Key Takeaways
- You may be able to refinance right away, though some loans require a short wait of 6 to 12 months.
- Conventional loans often give you the quickest path to refinancing.
- Keeping up with on-time payments and maintaining solid credit helps you qualify sooner.
You may be able to refinance your mortgage right away, depending on your loan type. Some homeowners can refinance immediately with no waiting period, while others need to wait as little as six months, and rarely longer than a year.

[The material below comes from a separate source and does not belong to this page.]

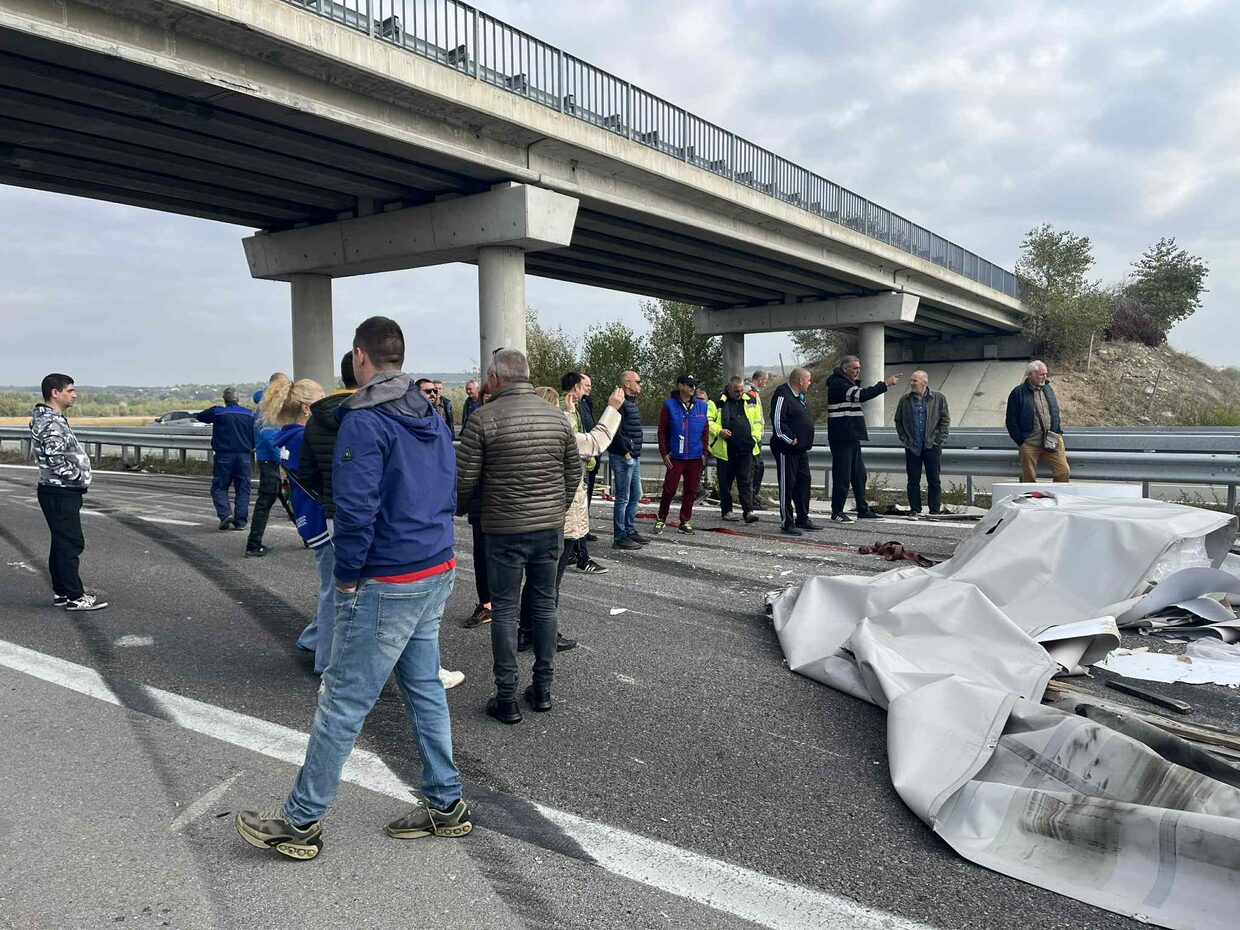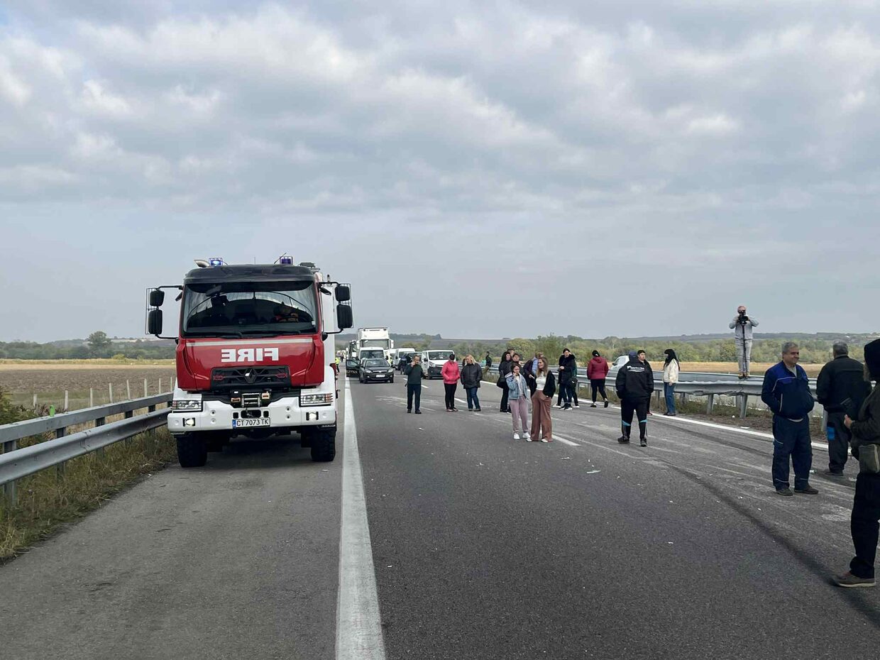 Заради произшествието пътят бе затворен и се преминаваше през обходен маршрут. В платното имаше километрична опашка от чакащи леки автомобили и камиони.

In this article (Skip to...)
- How soon can you refinance a mortgage?
- Conventional loan refinancing timeline
- FHA loan refinancing timeline
- VA loan refinancing timeline
- USDA loan refinancing timeline
- Jumbo loan refinancing timeline
- Additional resources
- FAQ
How soon can you refinance a mortgage?
For many borrowers, refinancing can happen sooner than expected. The table below breaks down how quickly you may be able to refinance based on your loan type.
Verify your refinance eligibility. Start hereLoan Type | Refinance Waiting Period (Seasoning) | Typical Credit Score Range | Typical DTI Ratio |
---|---|---|---|
Conventional | No wait for rate-and-term; 6 months for cash-out | 620–720+ | Under 50% (lenders prefer 36% or less) |
FHA | Streamline: 210 days + 6 payments; Rate-and-term: 6 months; Cash-out: 12 months | 580+ (some lenders will go lower) | Varies, but many lenders cap it at 43% |
VA | 210 days or 6 on-time payments (whichever is later) | 620+ (lender-specific) | Generally around 41%, but can be higher with a strong credit score |
USDA | Streamline: 6–12 months; Streamlined-Assist: 12 months; Non-Streamlined: 12 months | 640+ (lender-specific) | 41% is the standard, but can go up to 45% in some cases |
Jumbo | Varies by lender, often 6–12 months | 680–700+ | Under 50% (lenders prefer 43% or less) |
Conventional loan refinancing timeline
Refinance Timeline: No wait for rate-and-term; 6 months for cash-out.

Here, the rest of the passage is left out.